Start of Task material

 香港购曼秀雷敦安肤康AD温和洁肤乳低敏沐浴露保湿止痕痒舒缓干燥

End of Task material
Start of Task material

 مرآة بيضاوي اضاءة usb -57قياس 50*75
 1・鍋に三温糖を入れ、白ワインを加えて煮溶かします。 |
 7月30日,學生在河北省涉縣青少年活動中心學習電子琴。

End of Task material
Start of Task material

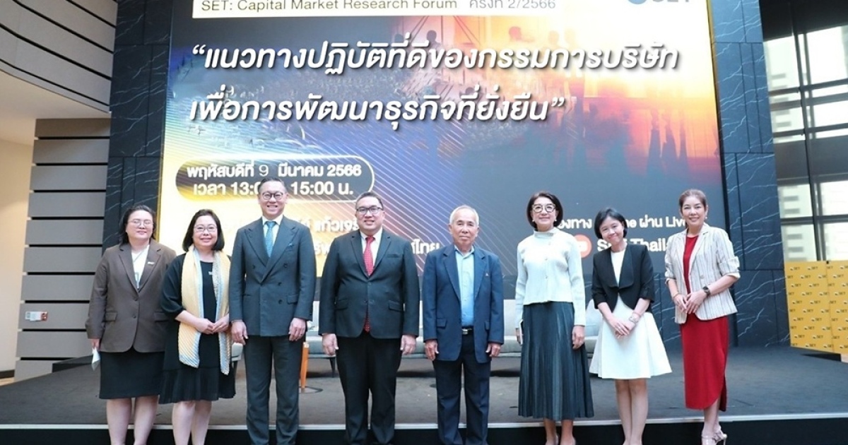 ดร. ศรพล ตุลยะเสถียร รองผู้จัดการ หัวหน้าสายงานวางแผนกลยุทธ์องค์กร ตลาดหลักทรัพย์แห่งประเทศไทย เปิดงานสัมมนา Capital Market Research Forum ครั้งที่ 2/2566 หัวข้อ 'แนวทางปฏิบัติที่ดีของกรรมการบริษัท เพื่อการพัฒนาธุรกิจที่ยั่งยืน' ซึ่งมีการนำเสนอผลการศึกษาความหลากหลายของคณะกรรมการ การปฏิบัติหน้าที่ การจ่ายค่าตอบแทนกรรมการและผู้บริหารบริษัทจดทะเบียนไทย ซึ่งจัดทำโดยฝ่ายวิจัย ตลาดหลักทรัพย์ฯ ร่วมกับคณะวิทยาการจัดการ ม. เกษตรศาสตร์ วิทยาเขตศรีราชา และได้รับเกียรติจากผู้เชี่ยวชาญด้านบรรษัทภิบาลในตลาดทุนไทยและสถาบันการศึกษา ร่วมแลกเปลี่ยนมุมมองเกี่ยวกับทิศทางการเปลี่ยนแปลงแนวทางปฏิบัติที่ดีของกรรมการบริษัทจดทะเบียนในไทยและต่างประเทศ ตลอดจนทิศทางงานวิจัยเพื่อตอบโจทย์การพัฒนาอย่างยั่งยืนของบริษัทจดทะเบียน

End of Task material

### Task to complete
Your answer must consist solely of the lines above between the line holding "1・鍋に三温糖を入れ、白ワインを加えて煮溶かします。 |" and the line holding "7月30日,學生在河北省涉縣青少年活動中心學習電子琴。", inclusive, copied exactly.

### Response
 1・鍋に三温糖を入れ、白ワインを加えて煮溶かします。 |
 7月30日,學生在河北省涉縣青少年活動中心學習電子琴。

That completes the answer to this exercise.